For the volunteers, Burbage said it isn’t all sunshine and roses. For example, it can be heart breaking to deal with the folks who are bringing their animals to the shelter. She reminded that these animals are not strays found roaming the streets. They are pets that someone loves, animals that have become a part of a family. There are reasons the family has to let the animal go, maybe a relocation where pets are not allowed, a health issue where the owner is no longer able to care for the pet, or some other extenuating circumstance. When they come to the shelter, these people are not happy to be doing what they are doing. They need assurances that they are doing what is right for the animal, and that the HSLC will take good care of their pet, and find it a very good home.

And, it isn’t easy to go into a home on a humane investigation and order the removal of an animal. Sometimes this is a child’s pet and the child too is being abused or neglected. The animal and the child may have a special bond, and there are separation issues for both.
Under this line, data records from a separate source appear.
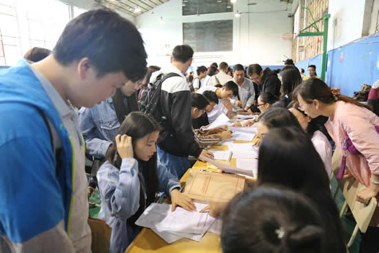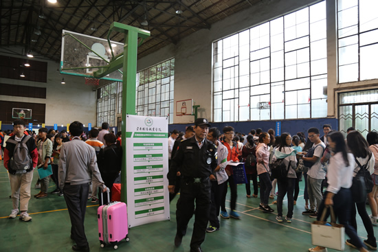 笔者在现场看到,虽然整个体育馆内人头攒动,但是各项工作都安排得有条不紊,进行得井井有条。学院领导、各行政职能部门和各二级学院的工作人员都各司其职,志愿者们也积极协助新生和家长完成各项手续,引导已经完成报到手续的新生去到宿舍,并耐心细致地回答新生和家长们的问题,帮助他们融入旅院大家庭。
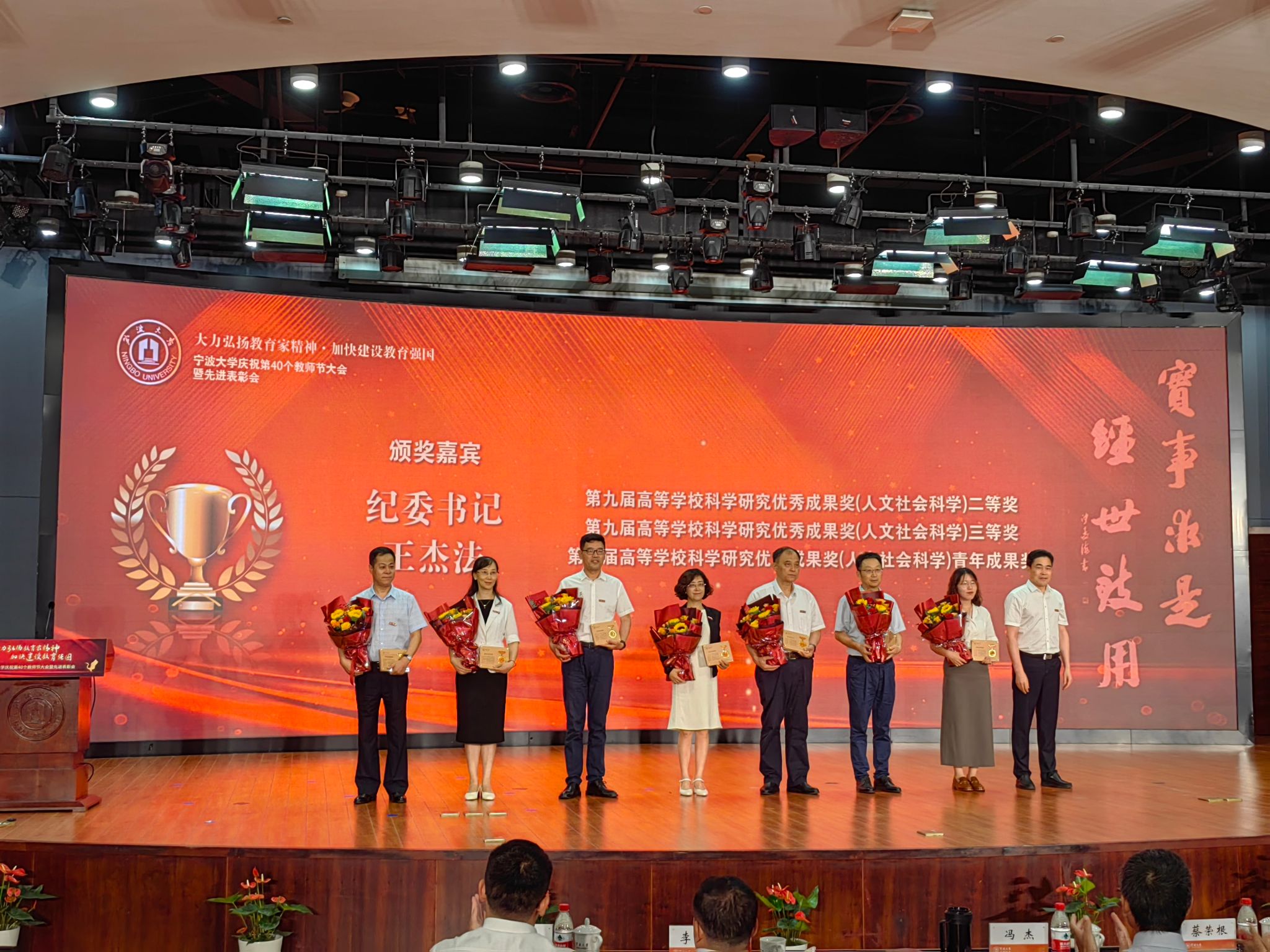 科学研究优秀成果奖(人文社会科学)三等奖的贺国庆老师(右四)和邵光华老师(右三)颁奖
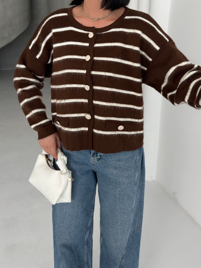 Γυναικεία ζακέτα καφέ-άσπρη με τσέπες και κουμπιά στο στήθος.Η ριγέ ζακέτα είναι αυτό το essential όλης της χρονιάς που δεν πρέπει να λείπει από την γυναικεία γκαρνταρόμπα.
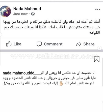 نشرت ندي محمد زوجة علي ربيع بوست غامض عبر صفحتها الرسمية علي موقع "فيسبوك" قالت فيه "أمك ثم أمك ثم أمك حتي لو قالتلك طلق مراتك واطردها من بيتها هي وبنتك.. ما تترددش.. شكرا أنا وبنتك خصيمك يوم القيامة، كما قامت بنشر ذات البوست علي حسابها علي موقع "انستجرام".
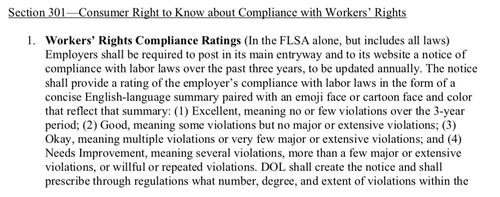 The emoji language comes under the bill’s transparency section, ensuring consumers know a businesses’ compliance with labor laws.

Then, there are the times when a family comes and wants an animal, but they are unable to adopt. There is a screening process involved in adoption. This is done to assure that the animal is going to a safe home where it will not be abused, or neglected, but it also assures that the family is equipped to take on the responsibility of an animal. The bottom line, a family may want to be pet owners, but other circumstances may indicate that they are not a good fit for a specific animal or not a good candidate for any kind of animal. Telling someone that can be very difficult.

We appreciate all they do

Burbage began wrapping up talking about the volunteers, who have to face these scenarios and the others who give their talents in other areas. She commented, “I can’t say enough about how important our volunteers are and how much we appreciate what they do every day for HSLC."

For the many people around the county who love animals, and are pet parents, looking deep into the work of the HSLC, they can surely see that this is a worthwhile and important service offered in our community. But the HSLC only works because it is supported so well by the community and by its volunteers who ultimately become ambassadors for the program.

For those who have supported the HSLC through these first ten years, the organization wishes to send you a sincere and heartfelt “thank-you.” For those who continue to work and contribute financially, thank you.

For those who have not yet made a decision to help in some way, know that no contribution is too small, whatever you can do, will be appreciated by the HSLC, but more importantly by the animals who live there, and wait patiently for a loving family to come and offer them a “forever home.”